§ WHAT THE TASK REQUIRES:
For the material below, reproduce exactly each line from the one that has "Horizontal visitor badge" through the one that has "[워싱턴=뉴시스] 고범준 기자", and no others; pictures stay out.
• • • •
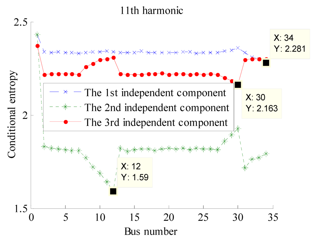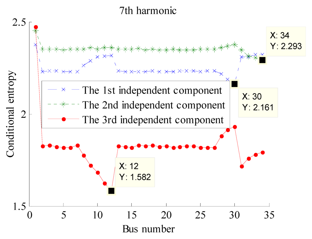 Similar to other ICA methods, FKEO-ICA is not capable of determining the exact bus of harmonic sources. The relationship between the harmonic currents and the bus voltages is , which indicates that the injected harmonic current produced by the harmonic source at the injected bus has a certain correlation with the bus harmonic voltage . As a consequence, the bus harmonic voltage and the injected harmonic current can be considered as two random variables with associated distributions. In accordance with the information theory [,,], the conditional entropy has been employed to measure the correlation between two random variables in case one of them is known. The pair-wise conditional entropy between the estimated harmonic current and the measured bus voltage at each frequency can be expressed as follows:
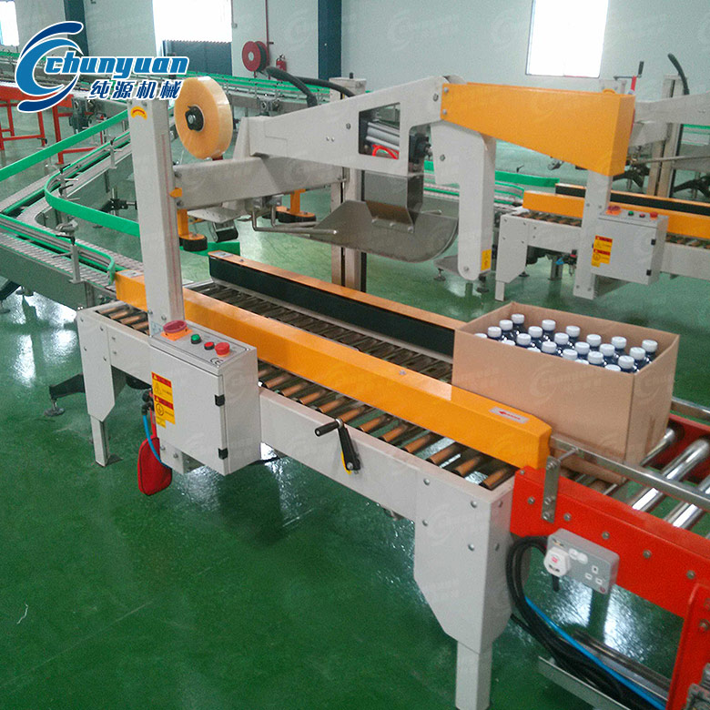 全自動折蓋封箱機(jī)紙箱上蓋自動折入,平穩(wěn)順暢,封箱作業(yè)一氣呵成,美觀省力,可配合自動化包裝機(jī)械系列使用;新型貼帶器,不用鼓風(fēng)機(jī)吹挺膠帶,利用壓片裝置,使膠帶挺立不彎下而造成不能粘貼;上下皮帶傳動,主傳動機(jī)構(gòu)使用特殊培林座高精密、低噪音,增加皮帶使用壽命。
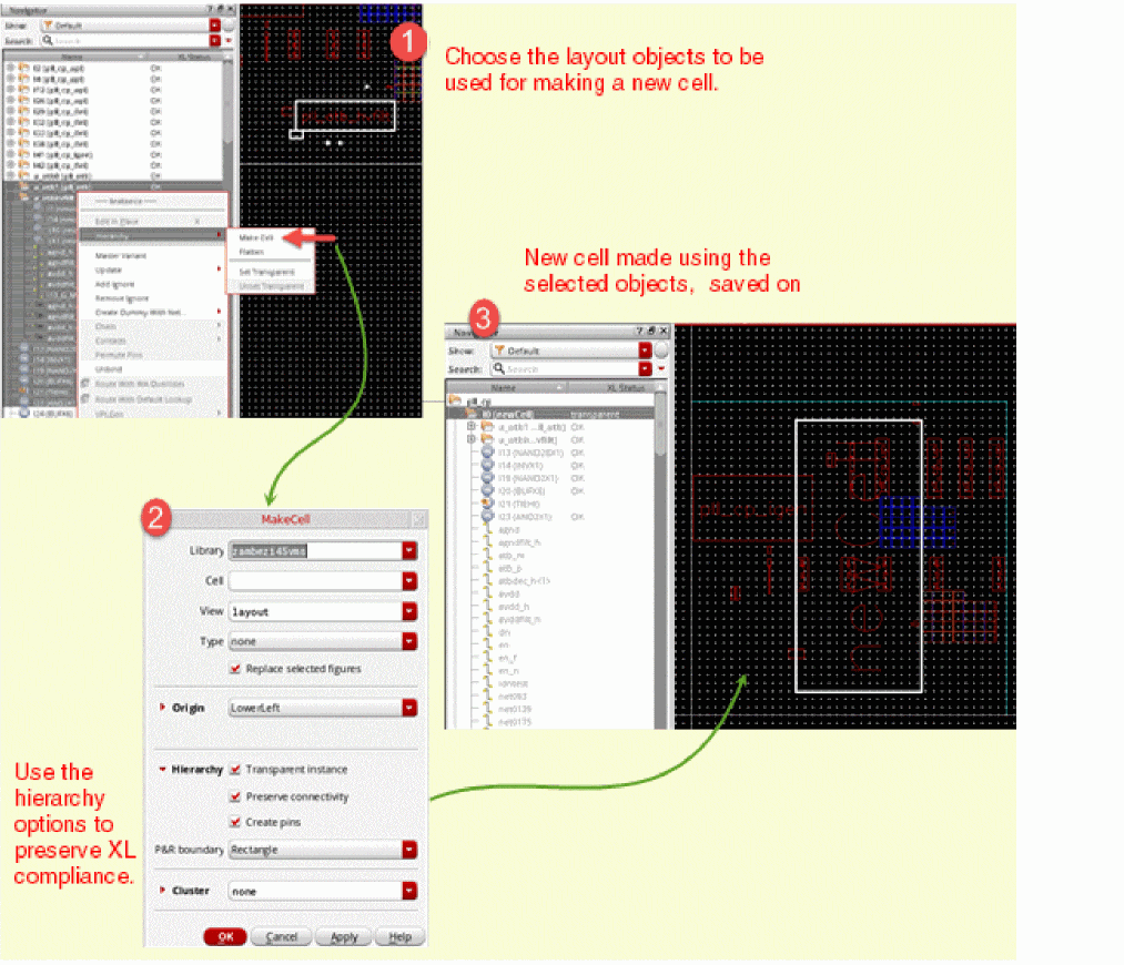 When used in Layout XL, the Edit – Hierarchy – Make Cell command enables you to create a new cellview carrying a transparent cell instance by using existing layout objects such as devices, nets, and pins. The made cell is saved on the disk and can be consumed within the layout from which it is generated or in some other layout.
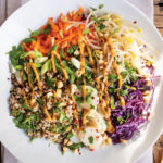 In medium bowl, whisk peanut butter and tamari or soy sauce together until smooth. Whisk in 1 Tbsp lime juice, maple syrup, sesame oil, ginger, and red pepper flakes. Add more lime or tamari/soy sauce to taste, if you wish. Drizzle over salad.
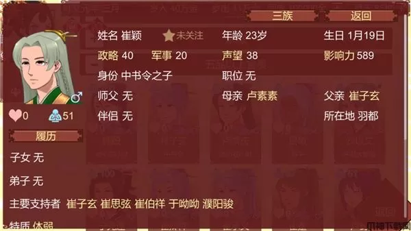 点开个人界面可以看到他的亲戚关系,其中伴侣一栏可以看到夫人(大部分挂虚职),遇到空有品级没有实权职位的夫人,可以直接空降岗位,全家的忠诚度都会暴增(而且夫人们的总体属性通常还蛮好的!),靠着夫人沙龙基本稳过前期
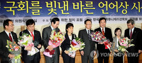 박근혜 한나라당 전 대표가 16일 국회 의원식당에서 열린 ‘국회를 빛낸 바른 언어상 시상식’에 참석해 “과학 비즈니스벨트는 대통령의 약속인 만큼 책임져야 한다”고 밝혔다. 이어 “동남권 신공항도 대선공약으로 약속 한 것”이라고 덧붙였다.
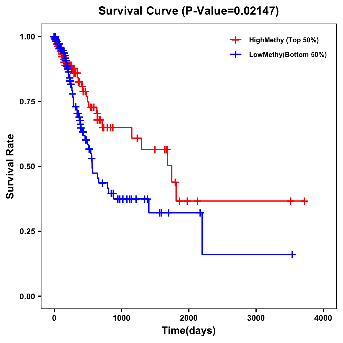 | Survival Curve of Stomach Cancer of Expression | Survival Curve of Stomach Cancer of Methylation | ||
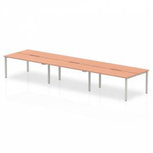 Evolve Plus 1400mm B2B 6 Person Office Bench Desk Beech Top Silver Frame
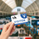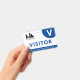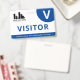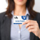 Horizontal visitor badge with a simple design in white and blue. A large white V makes it easy to quickly recognise the visitor. Personalise with your business logo.
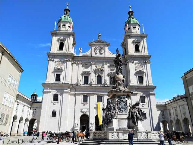 Here on the Residenzplatz, next to the Salzburg Residenz, there was Salzburg’s main domed Cathedral dating back to 17th century.
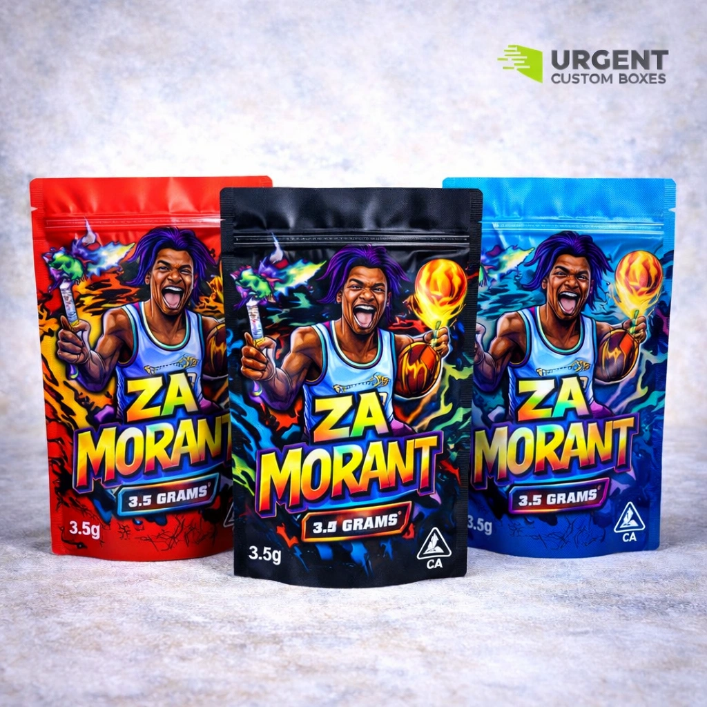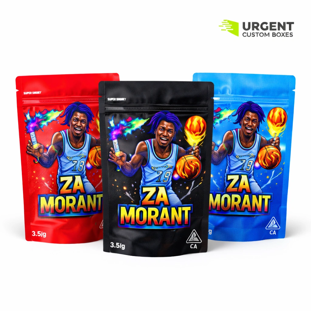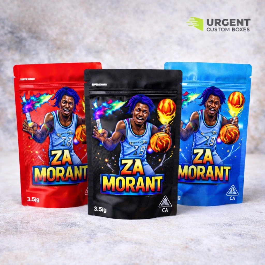 Za Morant 3.5g custom UV sticker Mylar bags are small, smell-proof cannabis pouches paired with
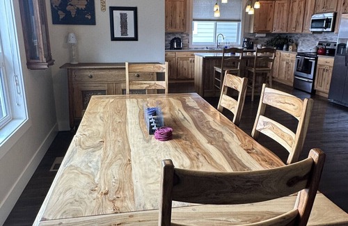 The house is only 10 minutes from MSO airport, about $18.00 Uber trip. A 8 place Ford Expedition with a new Graco 3 in 1 child seat and a baby seat are available. Coolers and bear spray also available. Message me for more details. A new high quality king bed in master suite, comfy queen memory foam in other bedrooms with lots of extra pillows. Fluffy towels, super clean hard surface floors and shaded quiet outside sitting area. Massive dining room table and island for meals or games. An ADA ramp available for wheelchair access to front entrance available upon request.
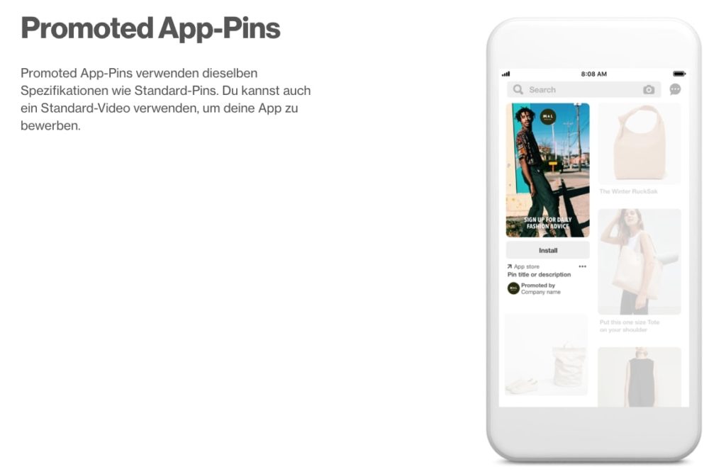 Promoted Pins sehen im Home Feed und in den Suchergebnissen nahezu exakt so aus wie ein normaler Pin. Äusserlich unterscheidet sich nur das Label “Promoted”. Auch ihre Funktionen sind gleich.
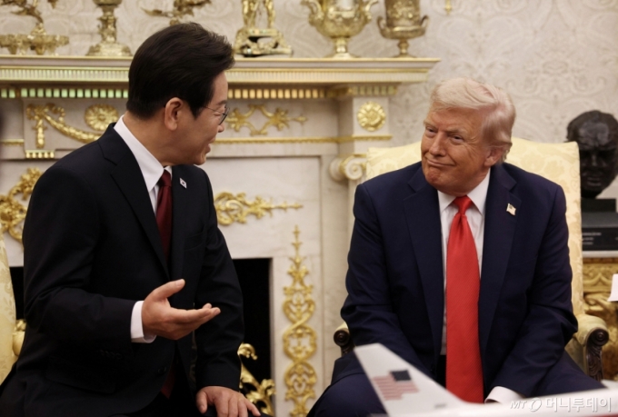 [워싱턴=뉴시스] 고범준 기자 = 이재명 대통령과 도널드 트럼프 미국 대통령이 25일(현지 시간) 미국 워싱턴DC 백악관에서 한미 정상회담을 하고 있다. 2025.08.26. |
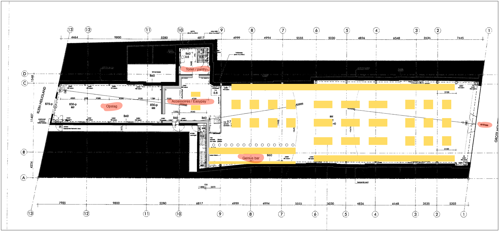Wij hebben de hand weten te leggen op de bouwtekeningen van het pand waar de Apple Store in Haarlem in zal komen. OMT’s redacteur Jan David is in het dagelijks leven architect en heeft geprobeerd op basis van het interieur van reeds bestaande Apple Stores invulling aan bouwtekeningen te geven. Hieronder zie je een indicatieve schets van de indeling. (Klik op de afbeelding om alle details in hoge resolutie te zien)
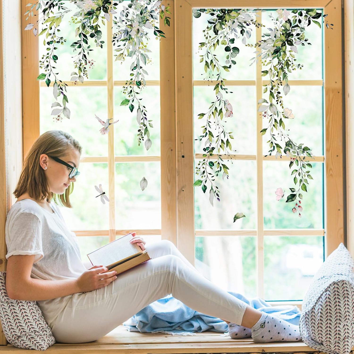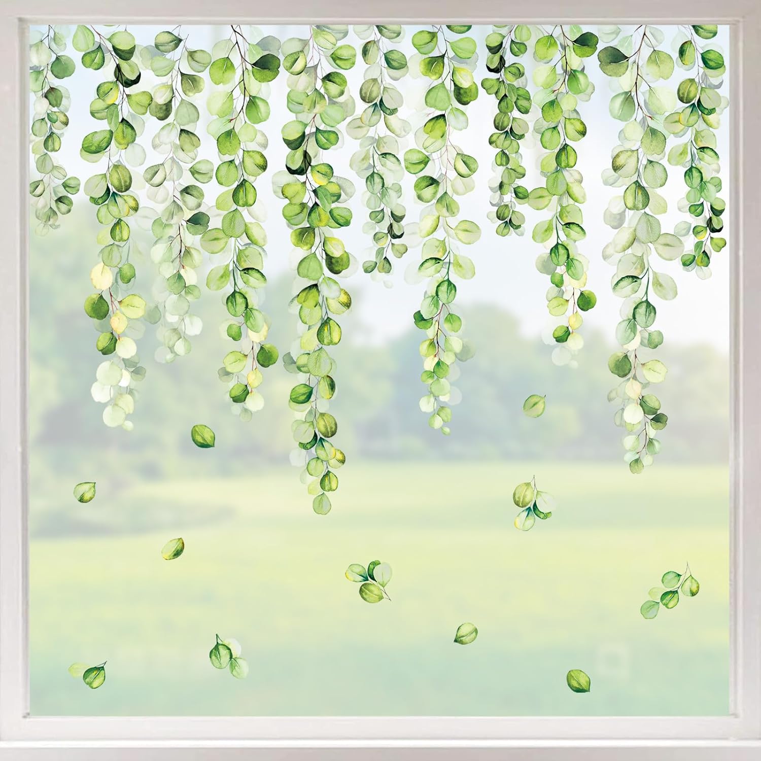 Whaline 9 Sheets Spring Summer Flowers Window Clings Eucalyptus Flower Glass Stickers Plant Hanging Vine Floral Leaf Reusable Decals Window Privacy Film for Wedding Party Home Decor Supplies
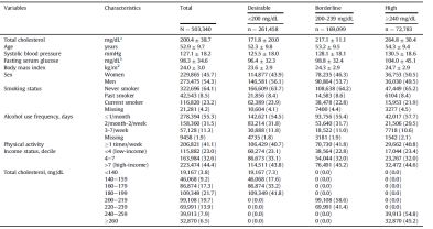 该研究共纳入韩国503340例40-80岁的中老年人;所有研究对象均在2002和2003进行健康检查,无心脏病或脑卒中史,随访至2013年。测量研究对象的总胆固醇(TC)和血糖,收集其年龄、性别、身高、体重、收缩压(SBP)、吸烟史、饮酒史、体力活动情况和家庭收入等信息(表1)。
• • • •
§ TASK RESPONSE:
 Horizontal visitor badge with a simple design in white and blue. A large white V makes it easy to quickly recognise the visitor. Personalise with your business logo.
 Here on the Residenzplatz, next to the Salzburg Residenz, there was Salzburg’s main domed Cathedral dating back to 17th century.
 Za Morant 3.5g custom UV sticker Mylar bags are small, smell-proof cannabis pouches paired with
 The house is only 10 minutes from MSO airport, about $18.00 Uber trip. A 8 place Ford Expedition with a new Graco 3 in 1 child seat and a baby seat are available. Coolers and bear spray also available. Message me for more details. A new high quality king bed in master suite, comfy queen memory foam in other bedrooms with lots of extra pillows. Fluffy towels, super clean hard surface floors and shaded quiet outside sitting area. Massive dining room table and island for meals or games. An ADA ramp available for wheelchair access to front entrance available upon request.
 Promoted Pins sehen im Home Feed und in den Suchergebnissen nahezu exakt so aus wie ein normaler Pin. Äusserlich unterscheidet sich nur das Label “Promoted”. Auch ihre Funktionen sind gleich.
 [워싱턴=뉴시스] 고범준 기자 = 이재명 대통령과 도널드 트럼프 미국 대통령이 25일(현지 시간) 미국 워싱턴DC 백악관에서 한미 정상회담을 하고 있다. 2025.08.26. |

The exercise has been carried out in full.